Task instructions -> Could you restate word for word only the lines below from the one holding "Nous vous donnons" to the one holding "9月27日下午,基礎系召開第", inclusive, and leave out the pictures?

Dataset entries ->
+ + +

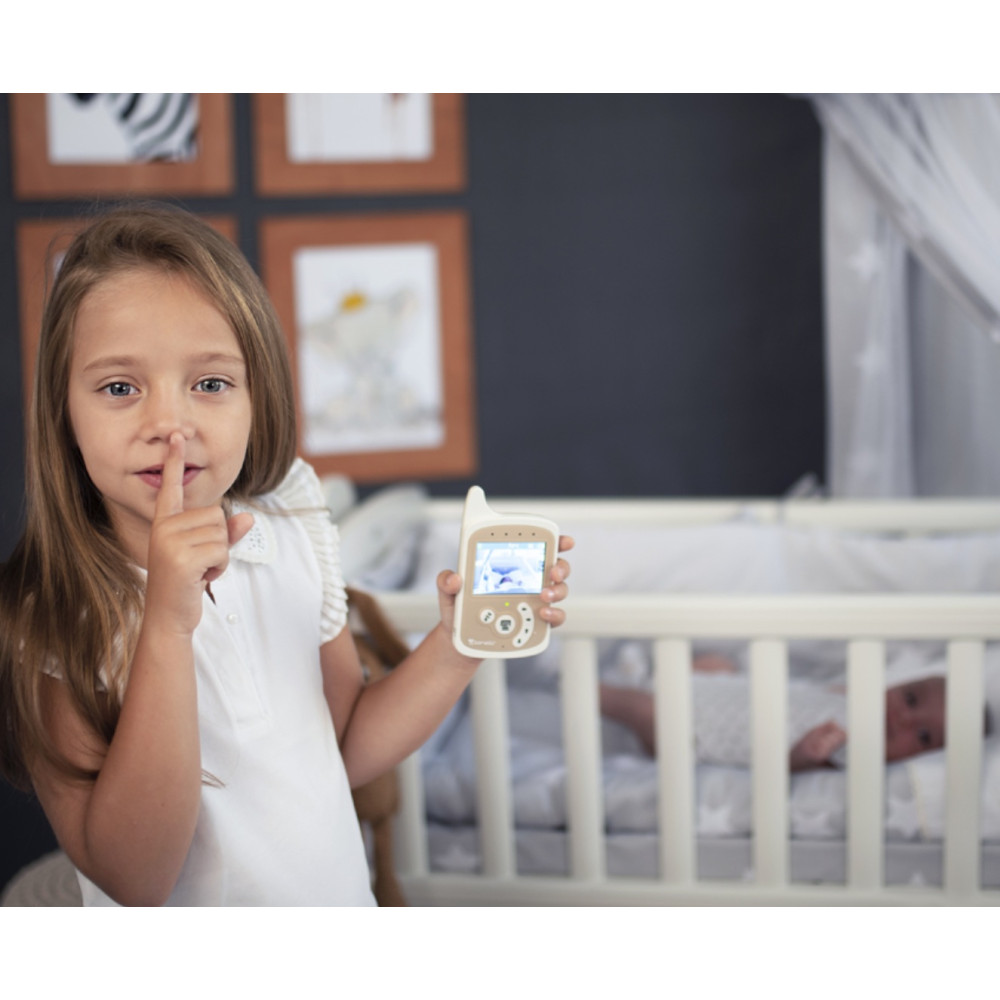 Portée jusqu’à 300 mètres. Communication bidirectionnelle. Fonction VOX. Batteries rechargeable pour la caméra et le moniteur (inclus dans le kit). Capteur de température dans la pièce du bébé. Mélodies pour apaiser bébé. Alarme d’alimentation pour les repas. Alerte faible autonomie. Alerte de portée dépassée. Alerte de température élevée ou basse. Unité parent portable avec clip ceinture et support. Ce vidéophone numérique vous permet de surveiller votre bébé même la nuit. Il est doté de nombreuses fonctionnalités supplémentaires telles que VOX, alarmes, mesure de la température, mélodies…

+ + +

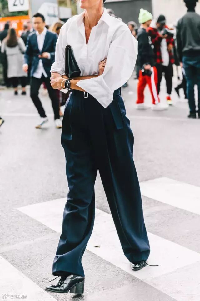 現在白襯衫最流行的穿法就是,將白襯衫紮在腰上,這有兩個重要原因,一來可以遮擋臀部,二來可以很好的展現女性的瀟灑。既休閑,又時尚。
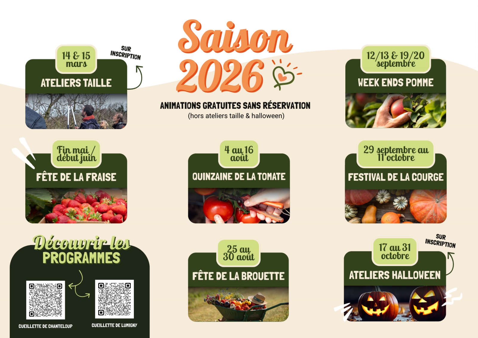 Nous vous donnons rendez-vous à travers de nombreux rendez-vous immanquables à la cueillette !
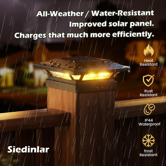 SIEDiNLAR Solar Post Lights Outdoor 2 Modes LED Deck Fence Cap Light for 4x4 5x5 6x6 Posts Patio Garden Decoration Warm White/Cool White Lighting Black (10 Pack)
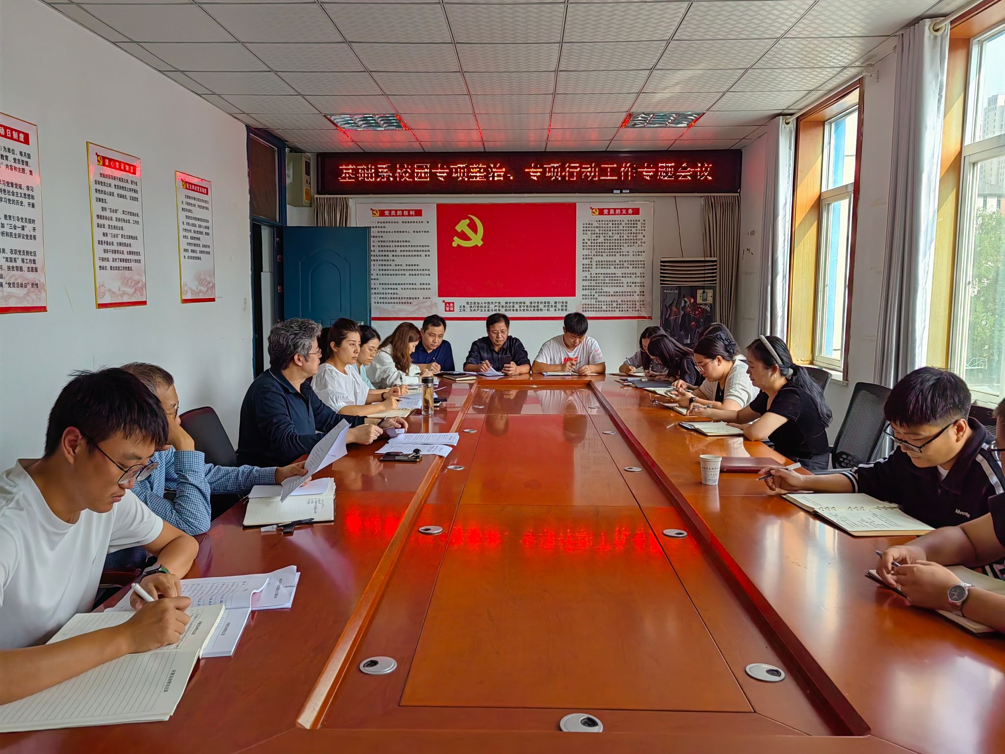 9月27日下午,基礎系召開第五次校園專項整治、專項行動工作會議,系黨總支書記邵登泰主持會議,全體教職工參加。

+ + +

Your solution ->
 Nous vous donnons rendez-vous à travers de nombreux rendez-vous immanquables à la cueillette !
 SIEDiNLAR Solar Post Lights Outdoor 2 Modes LED Deck Fence Cap Light for 4x4 5x5 6x6 Posts Patio Garden Decoration Warm White/Cool White Lighting Black (10 Pack)
 9月27日下午,基礎系召開第五次校園專項整治、專項行動工作會議,系黨總支書記邵登泰主持會議,全體教職工參加。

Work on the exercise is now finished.